1
votes

I need help on Flink application deployment on K8

we have 3 source that will send trigger condition as in form of SQL queries. Total queries ~3-6k and effectively a heavy load on flink instance. I try to execute but it was very slow and takes lot of time to start.

Because of high volume of queries, we decide to create multiple flink app instance per source. so effectively one flink instance will execute ~1-2K queries only.

example: sql query sources are A, B, C

Flink instance:

App A --> will be responsible to handle source A queries only

App B --> will be responsible to handle source B queries only

App C --> will be responsible to handle source C queries only

I want to deploy these instances on Kubernetes

Question:

a) is it possible to deploy standalone flink jar with mini cluster (inbuilt)? like just start main method: Java -cp mainMethod (sourceName is command line argument A/B/C).

b) if k8's one pod or flink instance is down then how we can manage it in another pod or another flink instance? is it possible to give the work to other pod or other flink instance?

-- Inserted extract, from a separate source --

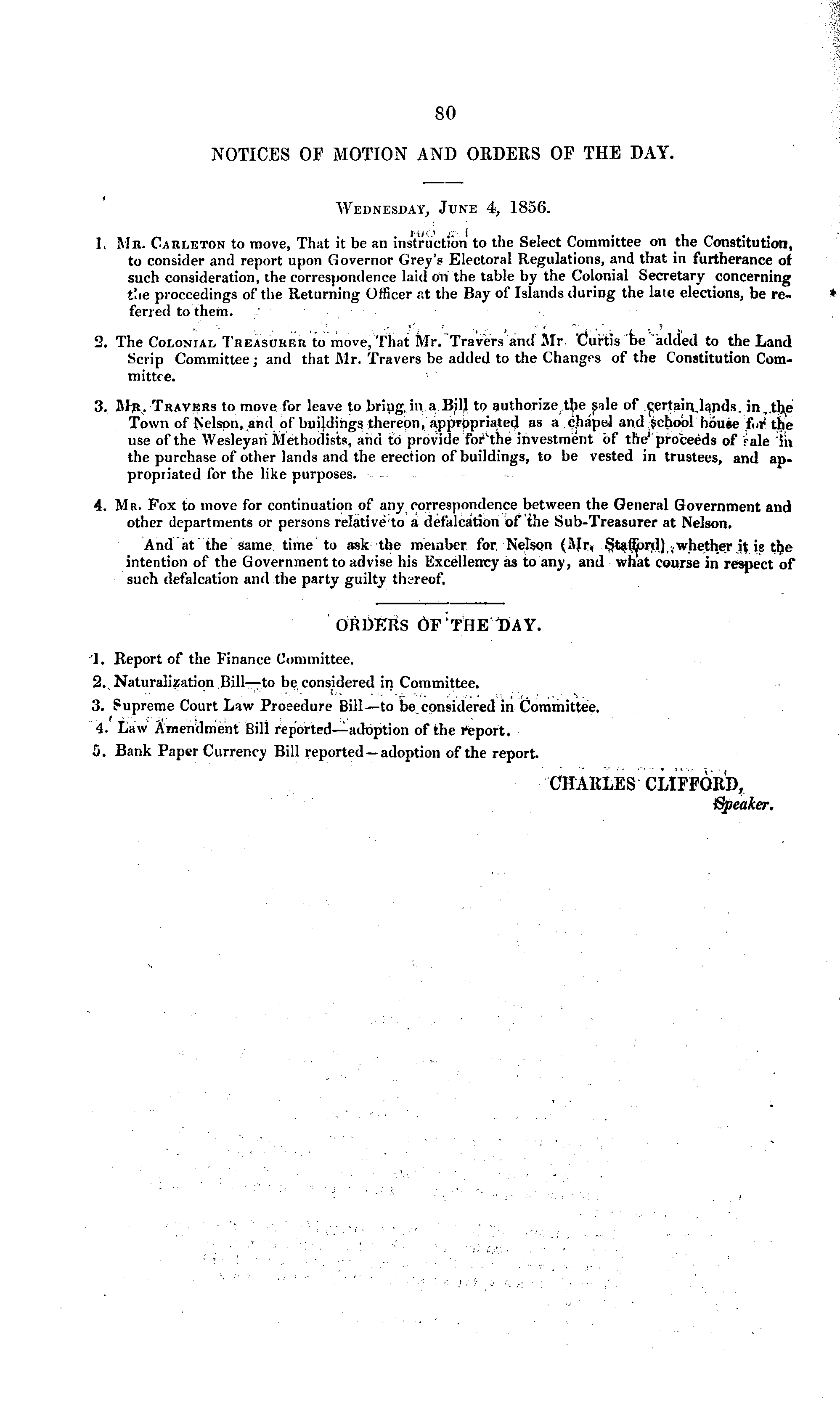 NOTICES OF MOTION AND ORDERS OF THE DAY. Wednesday, June 4, 1856. 1. Mn. Carleton to move, That it be an instruction to the Select Committee on the Constitution, to consider and report upon Governor Grey's Electoral Regulations, and that in furtherance of such consideration, the correspondence laid on the table by the Colonial Secretary concerning the proceedings of the Returning Officer at the Bay of Islands during the late elections, be referred to them. . . • , V - . it's 2. The Colonial Treasurer to move, That Mr. Travers and Mr Curtis be added to the Land Scrip Committee; and that Mr. Travers be added to the Changfs of the Constitution Committee. 3. Mr. Travers to move for leave to bring, in a Bill to authorize the pie of certain lands in the Town of Kelson, and of buildings thereon, appropriated as a chapel and school house fur the use of the Wesleyari Methodists, and to provide for'the investment of the' proceeds of rale 'in the purchase of other lands and the erection of buildings, to be vested in trustees, and appropriated for the like purposes. 4. Mr. Fox to move for continuation of any correspondence between the General Government and other departments or persons relative to a defalcation of the Sub-Treasurer at Nelson. And at the same time to ask the member for Nelson (Mr. Stafford) whether it is the intention of the Government to advise his Excellency as to any, and what course in respect of such defalcation and the party guilty thereof.
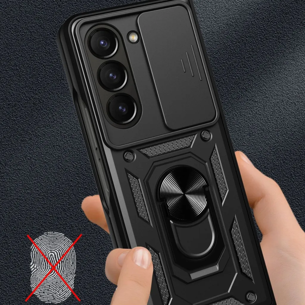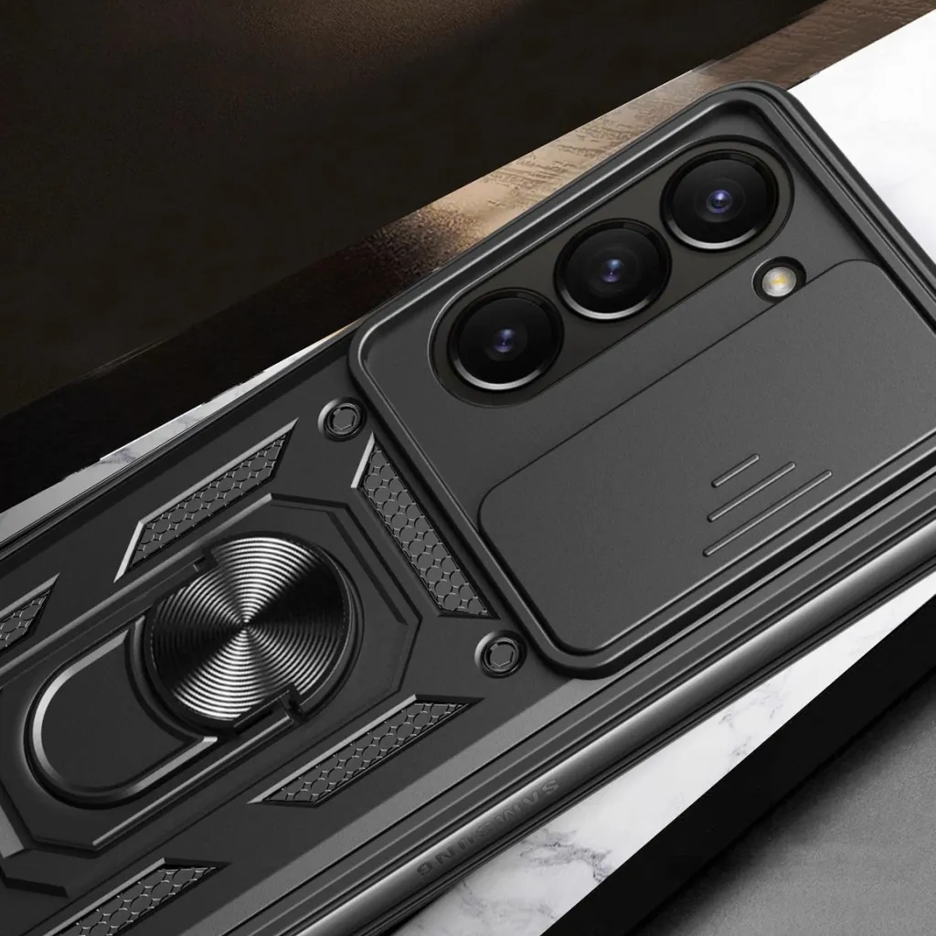Páncélozott tok Hybrid Armor Camshield, Z Fold 5 5G-hez kamerafedéllel - fekete A Hybrid Armor Camshield sorozatból származó páncélozott tok termoplasztikus és tartós anyagból készült, amely megjelenésében acélt imitál. A tok tökéletesen illeszkedik a készülékhez, és védi a telefont az esések vagy karcolások okozta károktól (pl. zsebben hordott kulcsok által). A tok csúszó fedelet tartalmaz a hátsó kamerához. Ennek köszönhetően a kamera üvege védett a karcolások ellen. Továbbá, ez egy extra előny azoknak, akik értékelik az adatbiztonságot és a magánéletet. A lefedett kamera megakadályozza a videofelvételhez való hozzáférést, ha valaki távolról hozzáférne a telefonhoz, és bekapcsolná a főkamerát. A képernyő körüli emelt élek megvédik azt, amikor egy sík felületre teszik. Beépített fémgyűrűje lehetővé teszi a telefon egykezes kényelmes használatát, és állványként is szolgál. A beépített fémlemez lehetővé teszi, hogy mágneses autós tartókhoz csatlakoztassa. Reagáló gombokkal és portkivágásokkal rendelkezik. Tökéletes választás azoknak, akik értékelik a stílust, a minőséget és gondoskodni szeretnének készülékükről. Specifikáció: - Sorozat: Hybrid Armor Camshield

sorry If I mixed up two or more things together :(

Appreciate your help. thanks

1
Normally you'd handle this "heavy load" issue by increasing the parallelism of the source function, and (as needed) figuring out how to partition the queries so that each sub-source has effectively the same load. Why isn't that an option for you?kkrugler
thanks for your suggestions , so lets say I partitioned my rules (sql query) based on "source" to distribute the load on task. if there is any change in sql query that would mean restart the complete flink instance. right? if yes then it is a downtime for other sources that is something we are trying to avoid by creating multiple instance based on "source".Ashutosh

1 Answers

0
votes

Leaving aside issues of exactly-once semantics, one way to handle this would be to have a parallel source function that emits the SQL queries (one per sub-task), and a downstream FlatMapFunction that executes the query (one per sub-task). Your source could then send out updates to the query without forcing you to restart the workflow.